Start of Source material
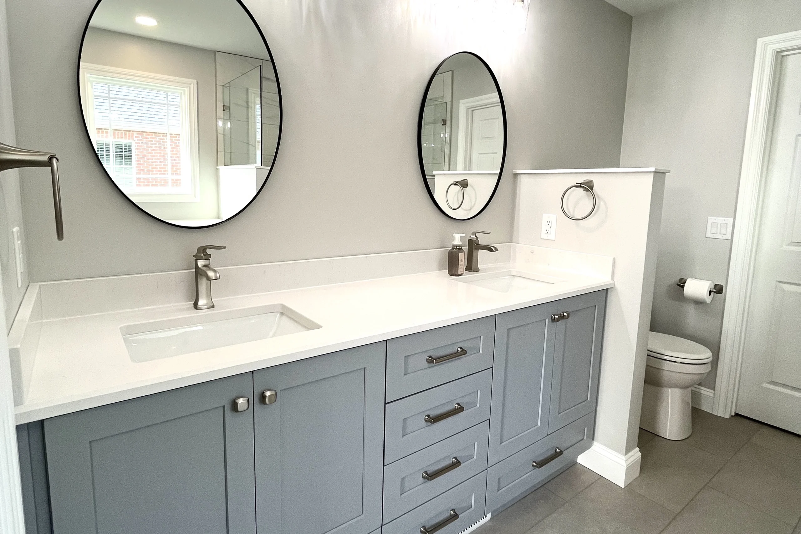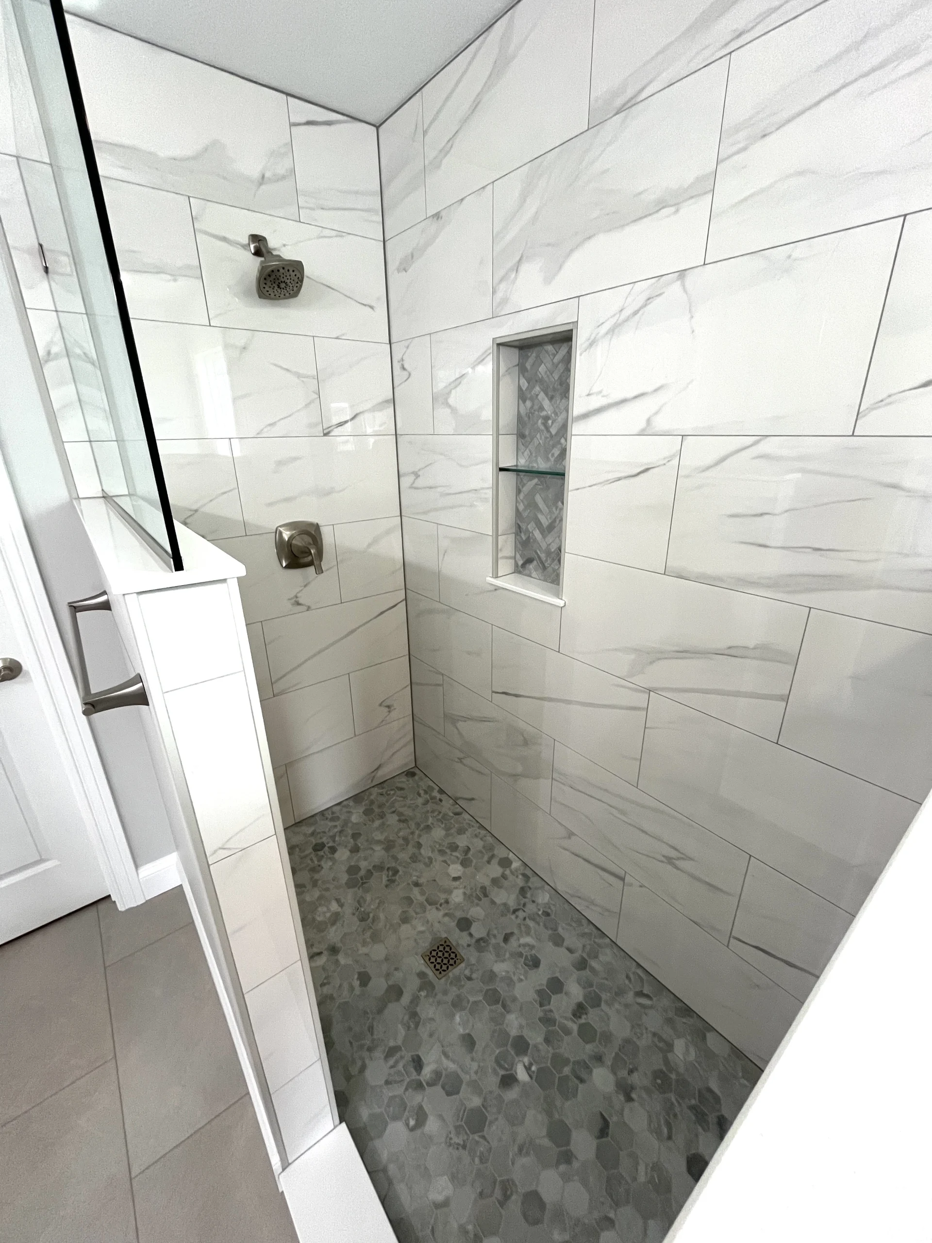 To accommodate the homeowners’ desire for a more spacious shower, we installed a new, larger window and built a custom-tiled shower complete with a half wall, glass panels, and a thoughtful niche for storage. The updated lighting, fresh finishes, and soothing color palette bring the entire space together, creating a bathroom that feels clean, calm, and beautifully updated.
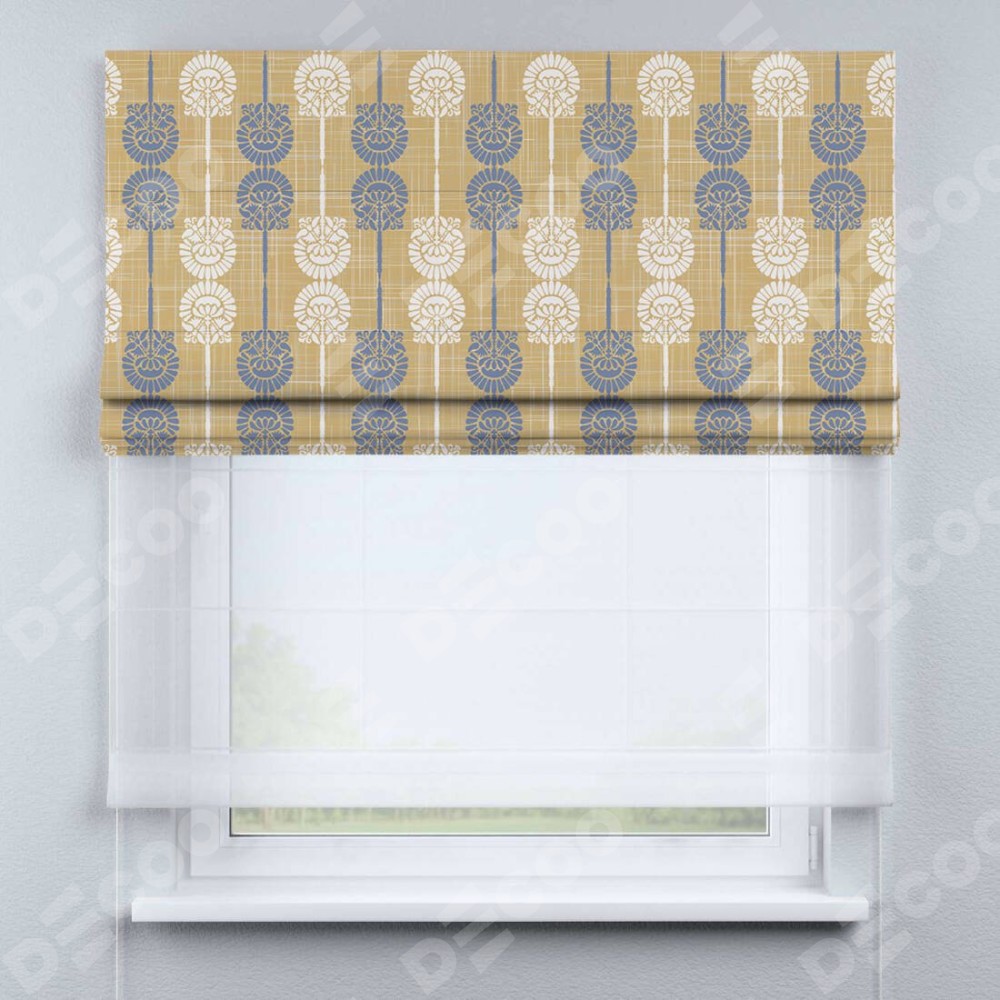 Римская штора день-ночь производителя «Cortin», используется для проёма, пошита из двух полотен, с лицевой блэкаут с нанесением сублимационной печати «Венок из ромашки», вторая ткань тюль (по стандарту комплектуется тюль белого цвета артикул V-01). Имеет универсальный механизм и подходит для монтажа: на потолок, на стену и в нишу.
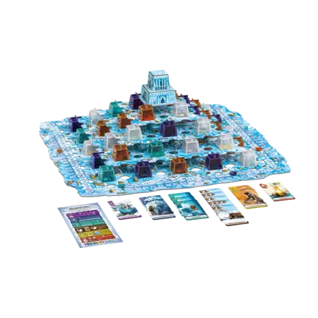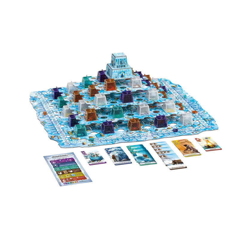 Le cœur du jeu repose sur la gestion des cartes et la construction de votre temple. Des « Sculpteurs de glace » aux « Artisans », chaque carte ouvre des opportunités stratégiques variées. Compléter des carrés 2x2 pour des points immédiats ou viser une collection de cartes pour la fin de partie ? À vous de jongler entre ces dilemmes et de trouver l'équilibre parfait pour dominer vos adversaires.
End of Source material
◆ Your goal
Except for the pictures, the whole listing above should be transcribed exactly.

◆ Answer below
 To accommodate the homeowners’ desire for a more spacious shower, we installed a new, larger window and built a custom-tiled shower complete with a half wall, glass panels, and a thoughtful niche for storage. The updated lighting, fresh finishes, and soothing color palette bring the entire space together, creating a bathroom that feels clean, calm, and beautifully updated.
 Римская штора день-ночь производителя «Cortin», используется для проёма, пошита из двух полотен, с лицевой блэкаут с нанесением сублимационной печати «Венок из ромашки», вторая ткань тюль (по стандарту комплектуется тюль белого цвета артикул V-01). Имеет универсальный механизм и подходит для монтажа: на потолок, на стену и в нишу.
 Le cœur du jeu repose sur la gestion des cartes et la construction de votre temple. Des « Sculpteurs de glace » aux « Artisans », chaque carte ouvre des opportunités stratégiques variées. Compléter des carrés 2x2 pour des points immédiats ou viser une collection de cartes pour la fin de partie ? À vous de jongler entre ces dilemmes et de trouver l'équilibre parfait pour dominer vos adversaires.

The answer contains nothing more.